Since removing bags in the foregoing manner can be a difficult task, automated techniques have been developed for breaking the perforations between adjacent bags prior to winding the bags about a dispensing roll. To remove a bag from the dispensing roll, the bag is simply unwound from the roll. In one such automated technique, a series of bags connected by perforations are fed by feed rollers through a festooner and to a conveyor. The conveyor operates at a slower speed than the feed rollers. The festooner is driven with a low clutch, a high clutch, and a brake that are mechanically connected by an assembly of belts and pulleys. The festooner operates at three different speeds, depending upon the position of a bag passing through the festooner. First, the festooner operates at a slow speed to take up slack generated in a bag as it passes into the conveyor. After the slack in the bag is taken up, the festooner operates at a relatively high speed to "snap" the perforation between the trailing edge of the bag and the leading edge of the next adjacent bag prior to passage of the trailing edge of the bag through the festooner. After the perforation is snapped, the festooner is stopped by a brake so that it is in a position to receive the now disconnected leading edge of the adjacent bag. Once the leading edge of the adjacent bag passes through the festooner and into the conveyor, the foregoing process for breaking the perforation at the trailing edge of this adjacent bag is repeated.
The foregoing technique is disadvantageous because it fails to adequately control the bags as the perforations therebetween are broken. For example, by "snapping" the perforations between two bags while the festooner is rotating at high speeds and then suddenly stopping festooner rotation, there is minimal positive control over the trailing portion of the lead bag and the leading portion of the adjacent trailing bag. This can cause the trailing portion of the lead bag to swing out of control ahead of the remainder of the lead bag and get improperly entangled in the conveyor. Similarly, this "snapping" action can cause the leading portion of the trailing bag to swing backward and get entangled about the feed rollers.

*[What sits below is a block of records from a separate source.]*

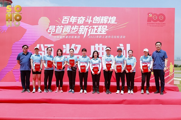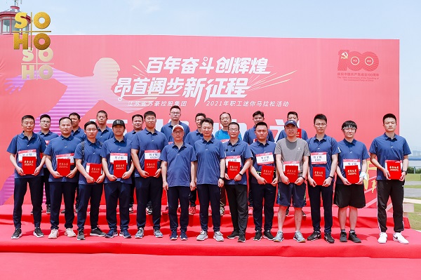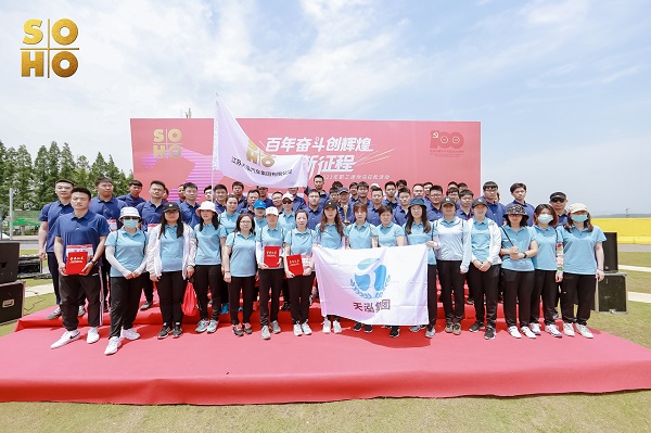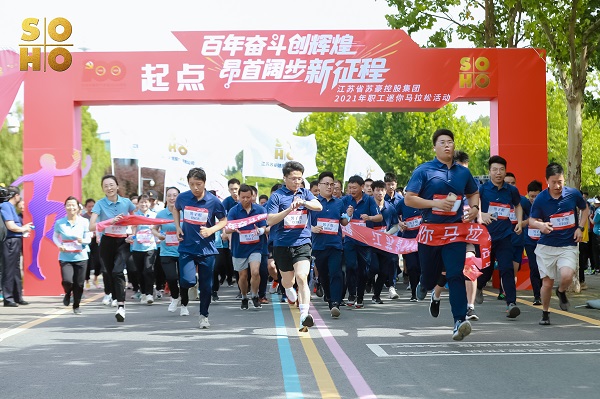2021年5月28日上午,迎着灿烂的朝阳,开云手机入口官网的员工们相聚在上级主管单位苏豪控股集团主办的“百年奋斗创辉煌,昂首阔步新征程”2021年职工迷你马拉松活动现场。来自开云手机入口官网本部及各子公司的职工代表组成“天泓方阵”,身着统一服装,摩拳擦掌,蓄势待发。
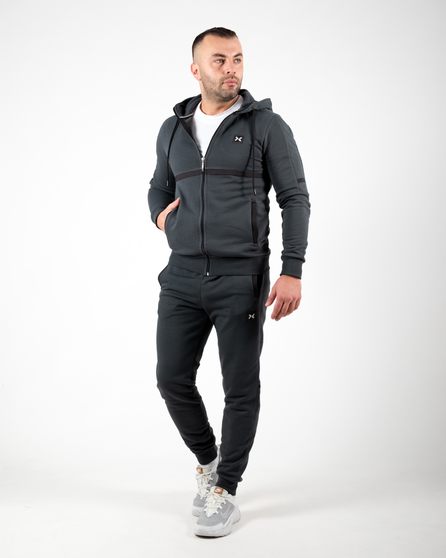 Dizajn: Moderan sportski kroj sa detaljima u kontrastu, prepoznatljiv No Copy logo i savršeno uklopljeni elementi gornjeg i donjeg dela. Jaknica poseduje kapu.
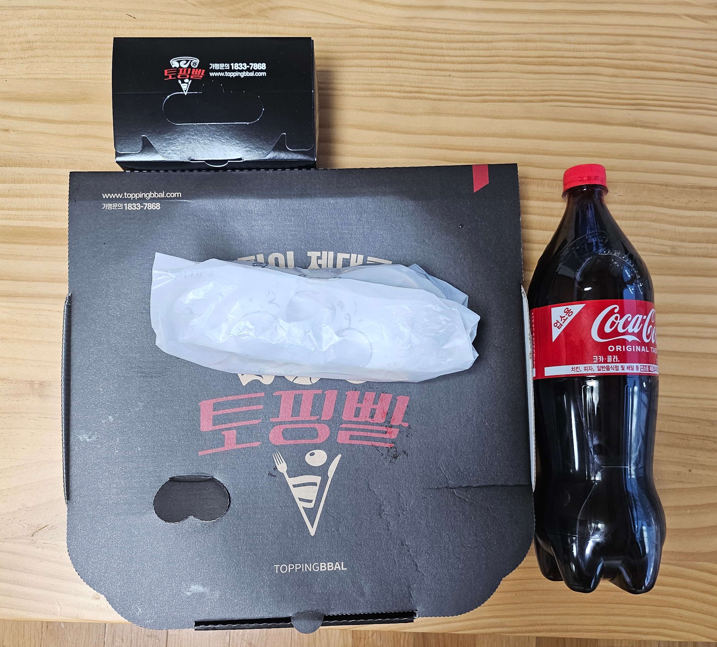 핫봉도 윤기 나게 잘 구워져 있었습니다. 냄새부터 매콤한 향이 올라오는 게 느끼한 피자를 먹다가 하나씩 먹는 게 좋았습니다. 추가로 콜라 1.25l+핫봉(5p) 추가가 5,500원 밖에 안 했습니다.
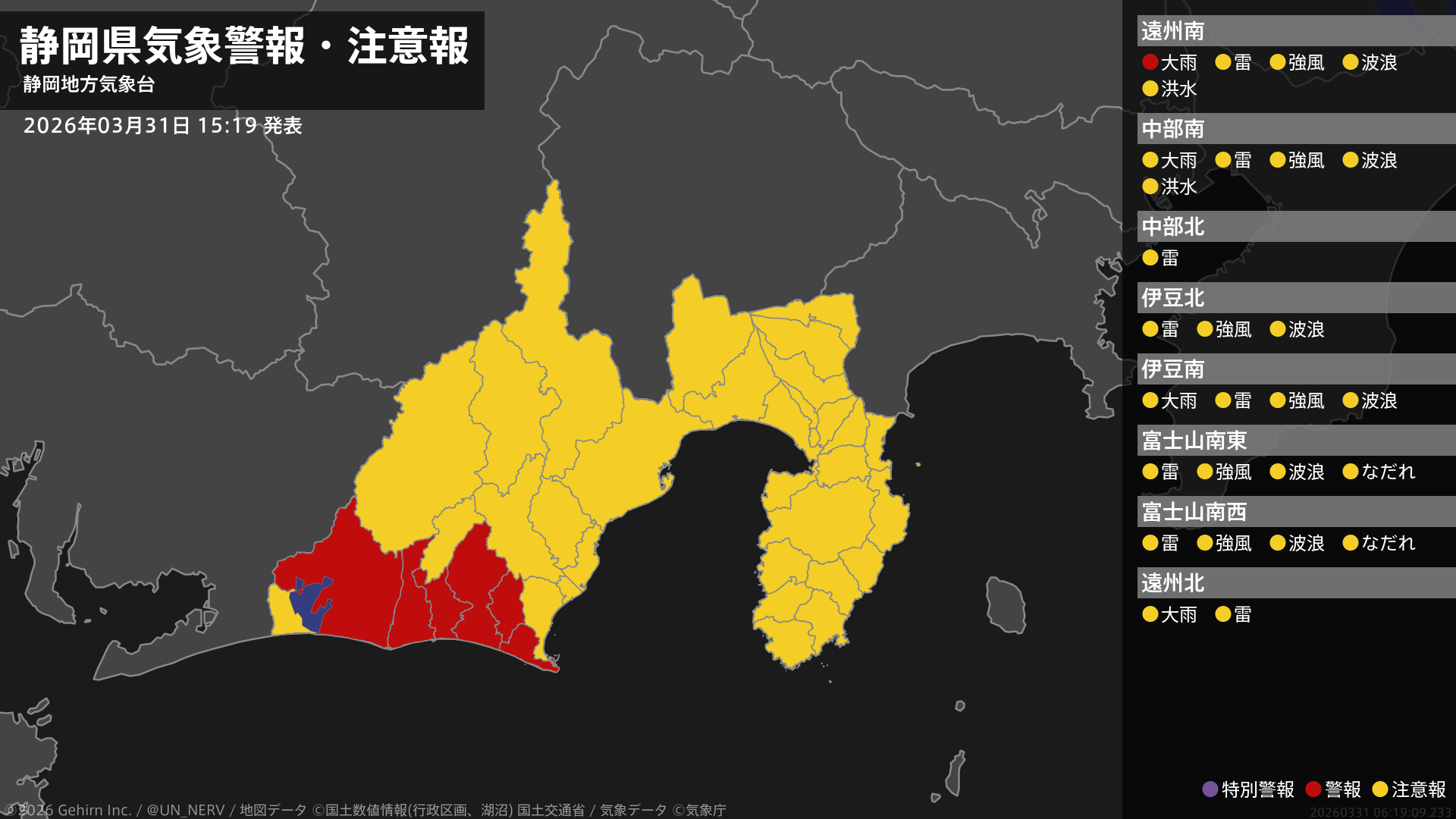 【静岡県 気象警報・注意報 2026年03月31日 15:19】
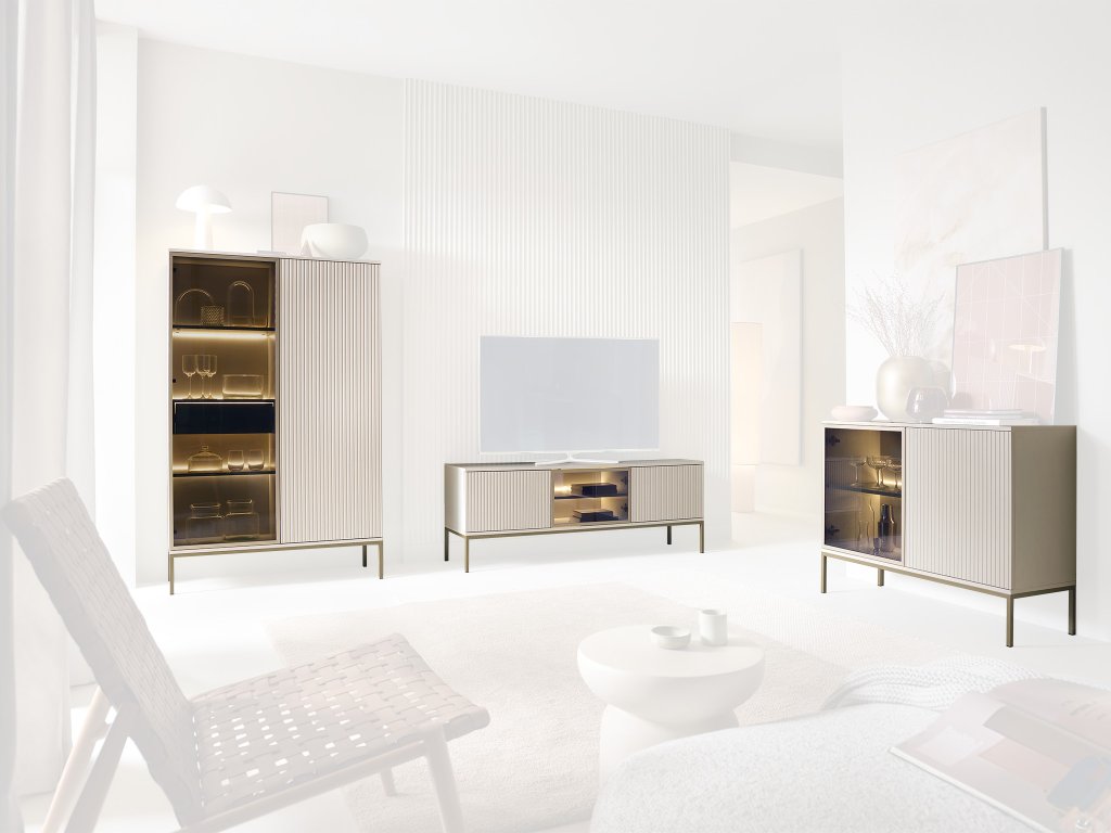 A SENTO nappali garnitúra a modern formákat finom, természetes részletekkel ötvözi. Jellegzetes elemei az üvegajtók és a dekoratív bordázott felületek, amelyek különleges karaktert és időtálló stílust kölcsönöznek a bútoroknak. Ennek köszönhetően a kollekció mindkét színváltozatban elegánsan megjelenéssel rendelkezik. A kollekció két színváltozatban is elérhető: kasmír és fekete. A sötét füstös edzett üvegek a világos kasmír színnel kombinálva igazán kontrasztos és modern kinézettel rendelkeznek, míg a fekete a wotan tölggyel kombinálva elegáns kinézetet garantál. A bútor szett több eleméhez LED világítás is tartozik, amely szépen kiemeli a vitrinek belső polcait, és kellemes hangulatot teremt a helyiségben. A SENTO komódok, vitrinek és asztalok nagy előnyét a magas fekete fém lábaik adják, amelyeknek köszönhetően könnyen felporszívózhat alattuk Ön vagy a robotporszívó is. A bútorcsaládba tartozó tágas komódokat elhelyezheti a nappaliba vagy a hálószobába is. A bútor kollekció laminált bútorlapból készül, ABS élzárással és fém lábakkal. A SENTO bútorcsalád két vonzó színváltozatban érhető el, így könnyen kiválaszthatja azt, amelyik a legjobban illik az otthonába.
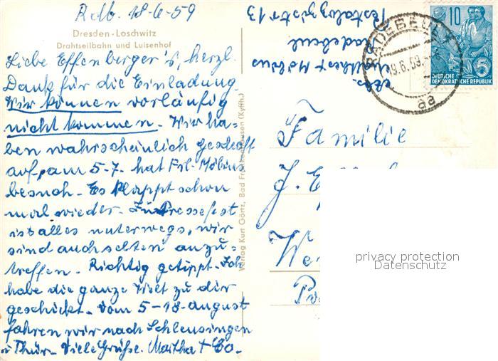 72984016 alte Postkarte Loschwitz Dresden Drahtseilbahn und Luisenhof postalisch gelaufen Erhaltung siehe scans [WerneD78] KatCode: 11110014262000
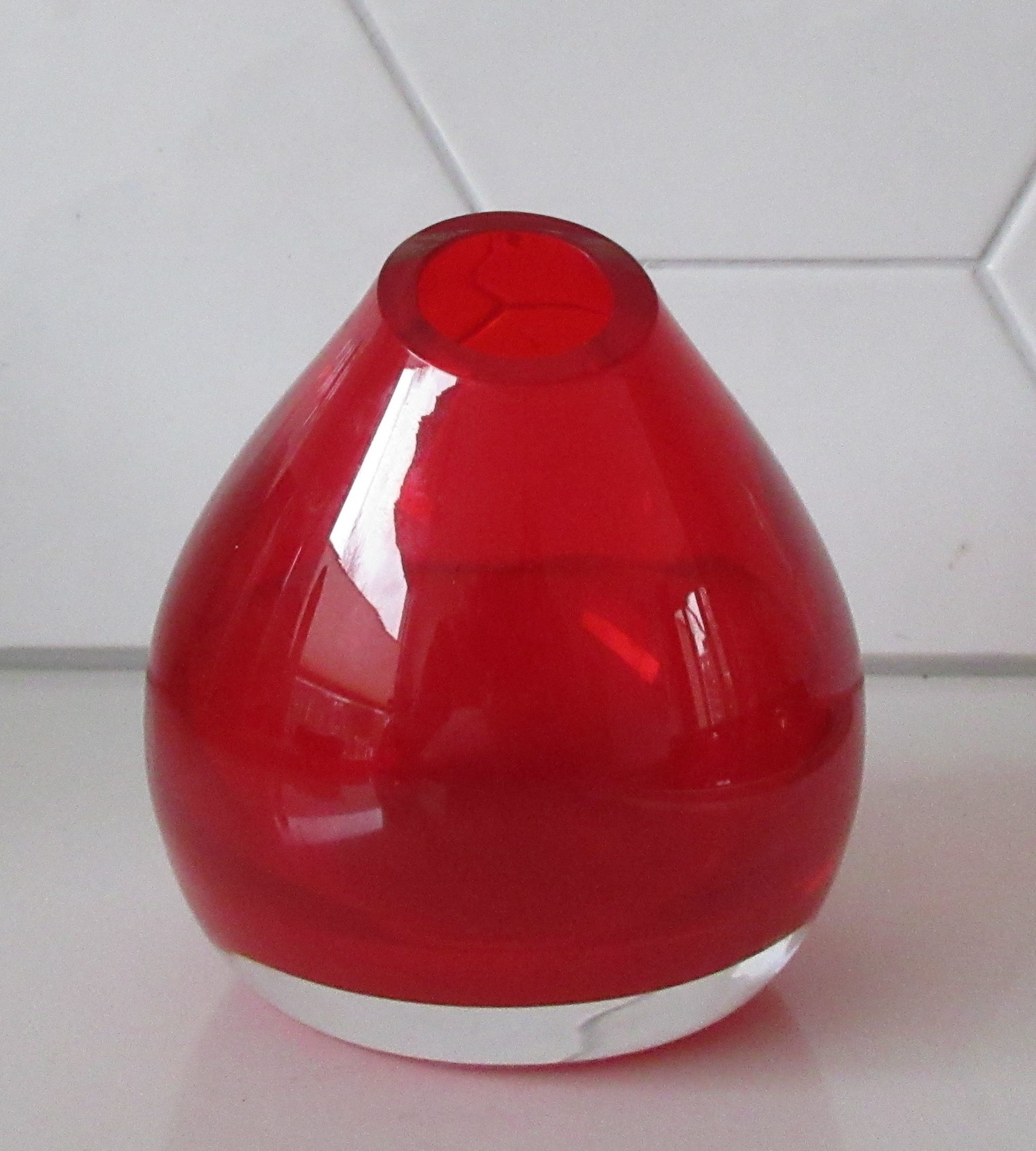 Rode dubbelwandig glazen design vaasje. Ontwerper of maker onbekend, niet gesigneerd. In prima conditie.
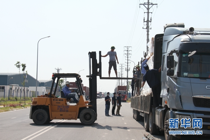 7月9日,在越南北江省云中工业园区,工人们正在各种运输工具上紧张作业。云中工业园区距离越南首都河内约40公里,由中资企业富华责任有限公司于2013年开始开发和建设。目前前三期项目共30栋已经投入运营,占地16.5万平方米,共有13家企业入驻,其中有8家为中资企业。第四、五期项目正在施工中,预计还将建成50栋左右的厂房。新华社记者 乐艳娜摄
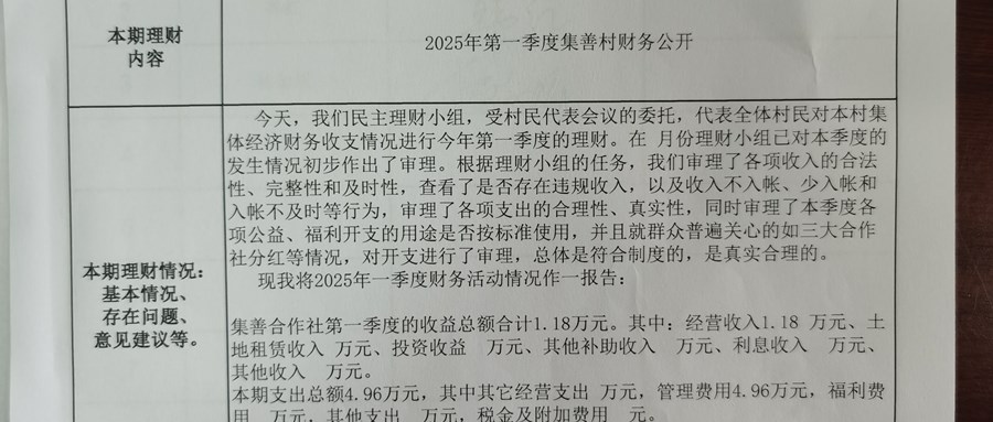2025年度集善村股份經(jīng)濟(jì)合作社第一季度民主理財

Another drawback of the foregoing technique is that using high speed rotation to snap perforations can lead to inconsistent perforation breaks. If the perforation break is made either too quickly or in the wrong location, the leading edge of the trailing bag becomes skewed. This skewed leading edge can then become entangled in the festooner. Also, when the bags are later wound on a dispensing roll, the skewed edge may not properly align with the other bags on the roll.
A need therefore exists for a method and apparatus for breaking film perforations which overcomes the above-noted drawbacks associated with the foregoing technique.